We can’t pretend those things didn’t happen. We have to face them. The things that we have done that make us feel ashamed have the power to trigger the urge to eventually pick up a drink or a drug again. We have to face our past and admit the things we have done so that we can let them go once and for all. If we don’t face our demons, we will stay stuck. There’s a good chance that the shame and guilt we are still feeling will eventually ruin our inner peace and sobriety.

Taking a Fifth Step With the Right Person

Once we develop the willingness to share our deepest self-examination with another human being, the next thing we have to do is pick the right person to take this step with. For most of us, the thought of talking about the things we have done with another human being is pretty intimidating. To face ourselves and our Higher Power is one thing; to face another human being is something else.

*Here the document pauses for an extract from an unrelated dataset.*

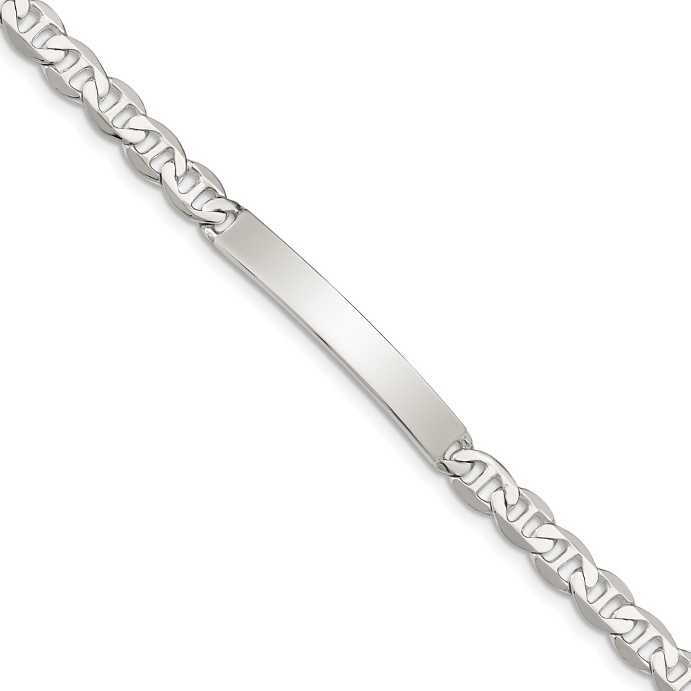 Sterling Silver Polished Engraveable Anchor Link ID Bracelet
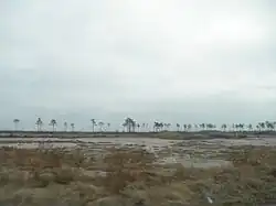 Der Tsunami zerstörte nicht nur den Küstendeich, sondern entwurzelte auch alle Bäume und riss sie landwärts mit sich.[3][4] Die Kiefern des Küstenwaldes wurden durch den Tsunami weitgehend zerstört, indem sie umgekippten und ihre Stämme sehr nahe am Boden umgebrochen wurden. Der Küstenwald erzeugte in der Folge erhebliche Mengen an Trümmern. Es konnte gezeigt werden, dass solche Trümmer strukturelle Schäden an einem 1 km landeinwärts gelegenen Stahlrahmen-Landwirtschaftsgebäude verursachten, das nicht nur seine Verkleidung bis in 4 m Höhe verlor, sondern beim Vordringen des Tsunamis auch von einem Baumstamm getroffen wurde, der tragende Elemente verbog.[1]

It helps to take this step with someone we know we can completely trust, such as our sponsor or closest friend in recovery. Some people prefer to take their Fifth Step with a minister or spiritual mentor, while others will turn to a counselor or mental health professional.

Whom we choose is a personal decision and requires careful thought. The most important thing of all is that we go through with taking the Fifth Step and that we take it with someone who will be empathetic and respectful of what we are trying to do.

The Benefits of Step Five

Taking Step Five can be a very healing experience, particularly when the person we confide in shares some of their own deepest secrets, such as their imperfections or some of the things they have done in the past. We begin to realize that we are not alone on our journey. Others have walked a similar path and are imperfect too.

Once we have come up with the willingness and the courage to go through with Step Five, we are able to set free emotions that may have been bottled up for years. Things we have been afraid to share with anyone else turn out to be much more manageable once they have been shared. We don’t have to live with our secrets anymore.

Step Five represents the beginning of the end of isolation. It’s a turning point for letting go of our guilt and shame for things we have done in the past that we can’t do anything about now. In sharing our secrets, we set ourselves free and are able to move forward into a truly sober and serene life.